Getting the game out there

On April 4th we officially finished the game and gratefully put it down to refocus our energies on actually graduating from College.

We had always wanted to get the game out on a digital platform, Steam being our dream. But we consistently pushed the deadline for Steam submission back and back and back. We were terrified, really, truly scared to do so, or at least I was. Rumors of Steam’s blacklist had reached us, if they rejected you once it would negatively impact you forever more. Whether his rumor is true or not, is utterly beside the point. But we all had this nagging worry that the game wasn’t good enough, that we had made it while we were still students, that it was missing something.

It didn’t help that we entered the student IGF, the Edge Create Challenge, and the Intel Level Up Challenge and didn’t get anywhere. We got no feedback either from any of these contests. Was there some major flaw they all discovered? Was the game really not that unique? Was the mechanic to simplistic?

RPI banished a lot of those thoughts though; Marguerite and I drove down with a few other teams from Champlain and blew the competition away. Loc placed first, and my roommate’s side scrolling fighting game, Satoshi and the Thousand Samurai came in second.

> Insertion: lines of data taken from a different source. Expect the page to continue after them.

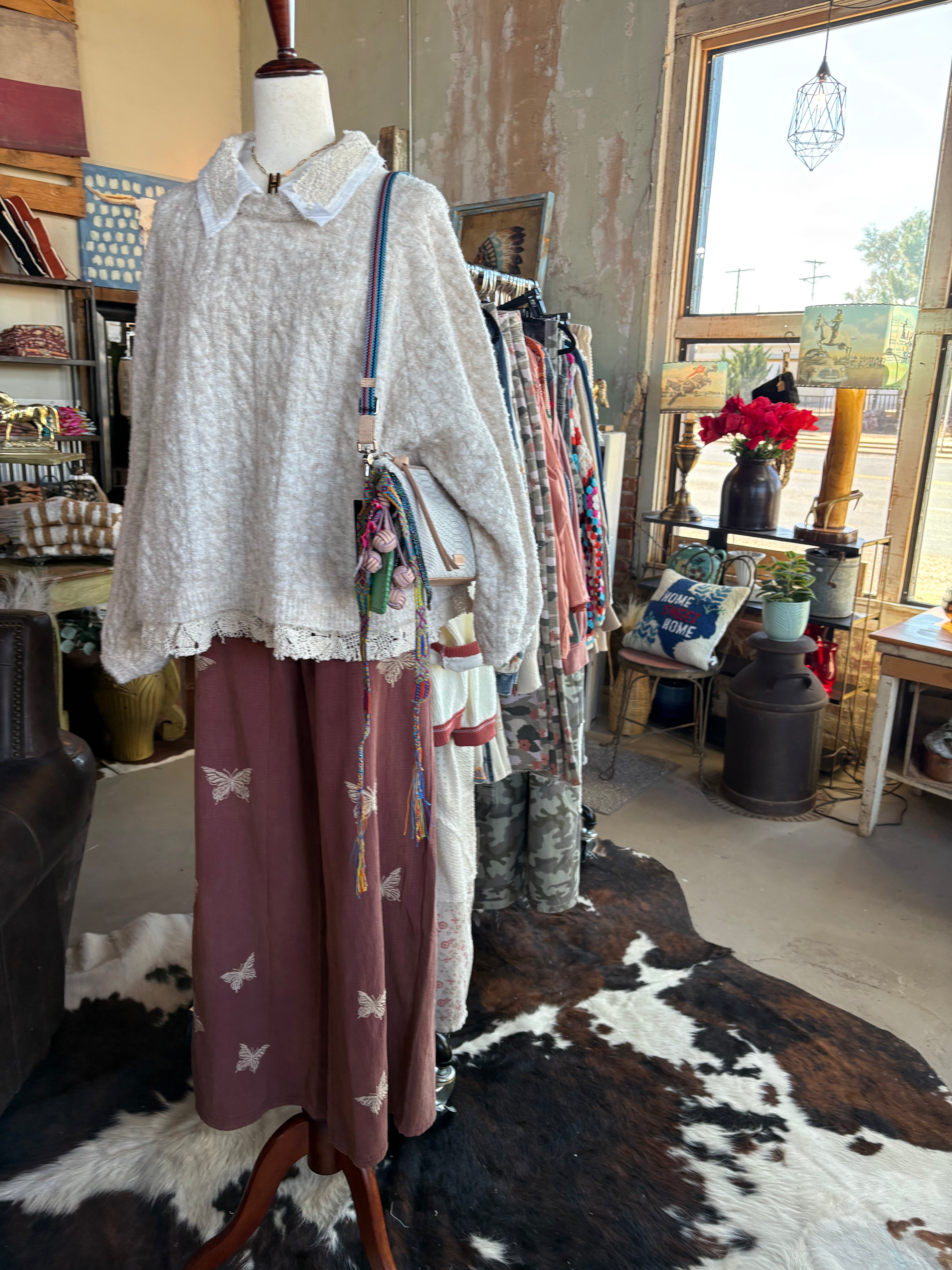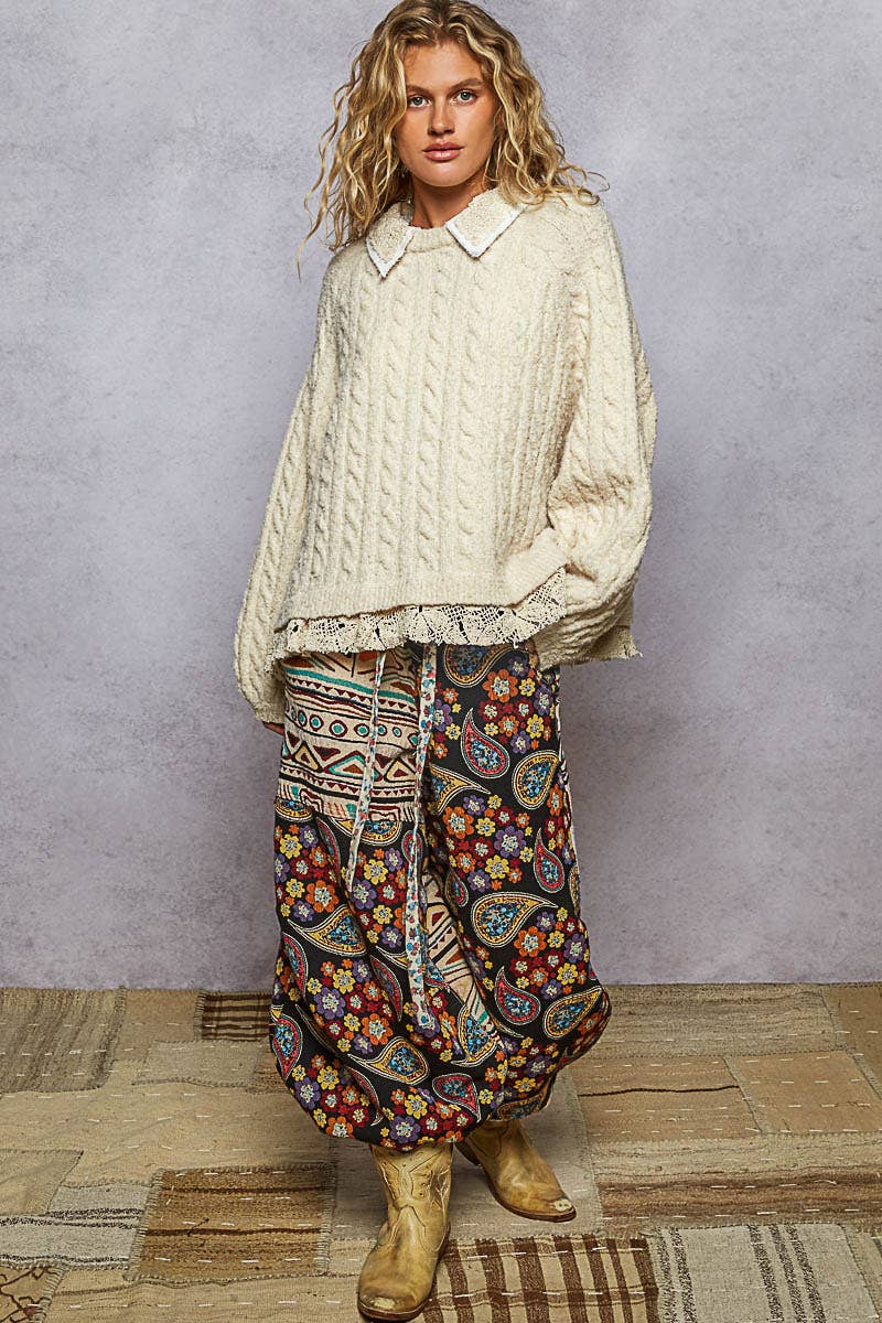 Cozy meets charming in this relaxed-fit sweater featuring a soft acrylic knit body and a double gauze crochet collar. Balloon sleeves and crochet trim at the hem add the sweetest boho details. Perfect for layering with skirts or wide-leg pants for an effortlessly feminine fall look.
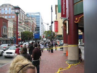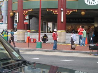 The “bucket drummer” that usually hangs out at the 7th and H St metro entrance caught police attention this afternoon. Few people love him, and most people hate him because of the excessive volume and the tendency to play after midnight. Today, it seems that his antisocial behavior has caught up to him. He apparently got cut in the hand by an irate pedestrian.
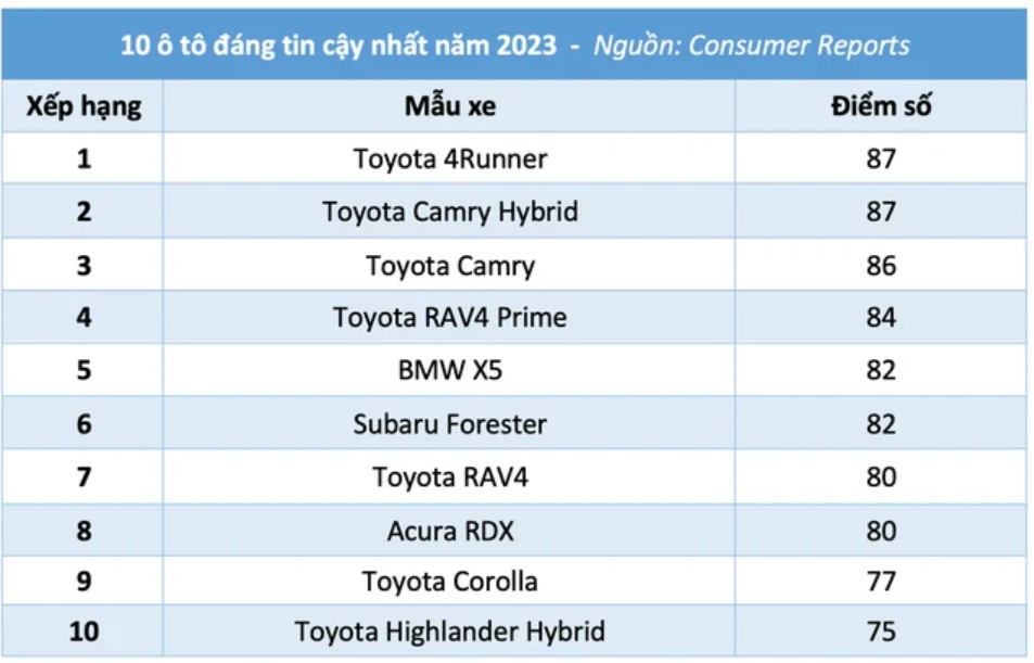 Kết quả Consumer Reports, xe Toyota áp đảo áp đảo danh sách 10 ô tô đáng tin cậy nhất năm 2023, khi hãng xe Nhật có đến 7/10 mẫu xe góp mặt trong danh sách này. Cụ thể, 4 vị trí đầu tiên trong bảng xếp hạng 10 ô tô đáng tin cậy nhất năm 2023 do Consumer Reports công bố đều do các mẫu xe Toyota nắm giữ, gồm Toyota 4Runner (87 điểm), Toyota Camry Hybrid (87 điểm), Toyota Camry (86 điểm) và Toyota RAV4 Prime (86 điểm).
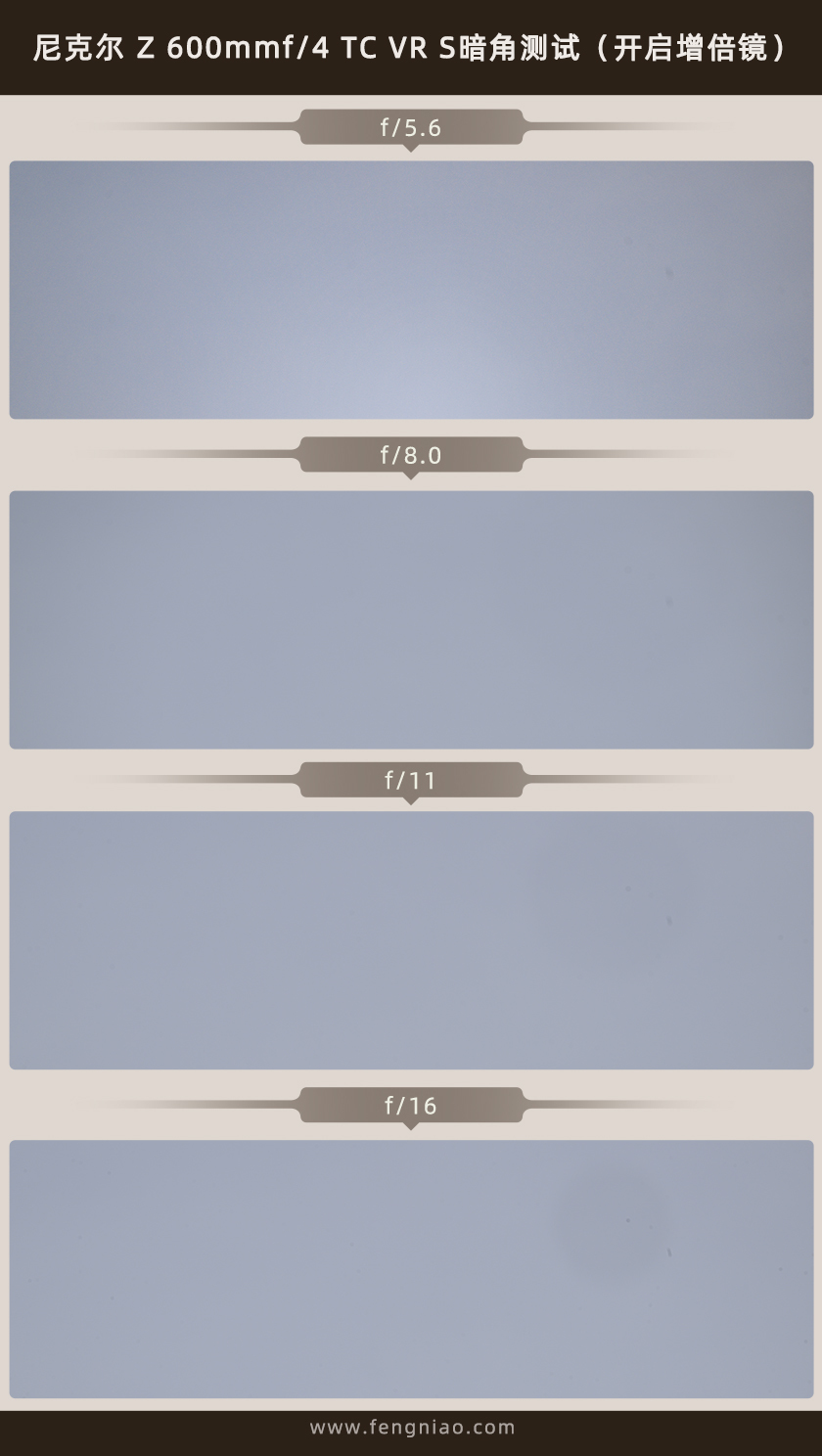 由于这支尼克尔 Z 600mm f/4 TC VR S是自带1.4倍增倍镜的,所以在暗角测试方面,我分别开启以及关闭增倍镜来进行拍摄,通过实际拍摄可以发现,在未开启增倍镜的情况下,这支镜头存在非常轻微的暗角现象,而在开启增倍镜之后,最大光圈变成了f/5.6,实际拍摄可以发现其同样也存在非常轻微的暗角现象,这样的表现对于拍摄的时候无伤大雅,实际对画质并没有什么影响。
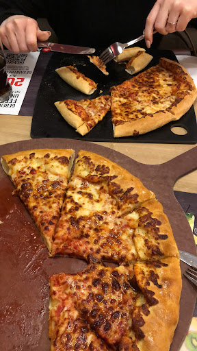 Wir waren mit zwei Erwachsenen und fünf Kindern dort, um den Ferienanfang zu feiern. Unsere Erfahrungen waren leider sehr gemischt: Das Essen war hervorragend wie immer. Die Pizza genau so, wie man sie kennt und erwartet. Die Vorspeisen ebenfalls ganz ausgezeichnet. Den Service haben wir leider als weniger gut wahrgenommen. Zwei der Kinder sind noch jünger. Von den Ausmalbildern, die Pizza Hut hat, erhielt nur eines der beiden eines und das auch erst auf Nachfrage. In anderen Restaurant kenne ich es als Standard, dass der Mitarbeiter bei der Begrüßung dies aktiv anbietet. Zwei der Mitarbeiter haben so laut in unfreundlichem Ton miteinander interagiert, dass es im ganzen Lokal zu hören war. Von 7 Getränken bekamen wir eines falsch geliefert, obwohl bei der Bestellung von der Mitarbeiterin alles korrekt wiederholt worden war. Den Salat für die King Caesar hatten wir separat bestellt, damit man eventuelle Reste besser mitnehmen und wieder erwärmen kann. Das wurde auch von der Küche ganz hervorragend in einer Schüssel und einem Schälchen ausgegeben. Als wir dann zum Schluss nach Behältnissen für den Salat und die Sauce fragten, erhielten wir genau eine Kunststoffschüssel. Das führt dann die Idee, dass der Salat möglichst knackig bleibt, ad absurdum. Nachdem wir die Getränke und das Essen erhalten hatten, kam niemand mehr an den Tisch, um nach weiteren Wünschen zu fragen. Das geplante Dessert fiel also ins Wasser. Wenn ich über 150€ für Pizza (!) ausgebe, dann erwarte ich einen besseren Service. Da es nicht das erst Mal ist, dass hier der Service erheblich schlechter als das Essen ist, werden wir hier nicht noch einmal vor Ort essen. Meine Empfehlung lautet, sich das Essen abzuholen und daheim mit Freunden und/oder der Familie zu essen und sich so auch gleich die überteuerten...

It was the first time we received feedback and critique from an outside source, who enjoyed the game immensely and gave us a few pointers which were then integrated into Loc 1.1. But showcasing the game, when you can be there and explain or sell your idea is so much different than packaging it up and shipping it out across the internet to parts unknown.

Loc 1.1 was it, likely our last update, unless something spectacular happens. So we started the rounds for distribution, Steam, Origin, Impulse, IndieVania, and Union (Unity web store). And Success! Indievania accepted our game! It’s a small fish, compared to all the rest on the list, but never the less, a huge success for us. Now we just do the hardest thing, wait for more responses.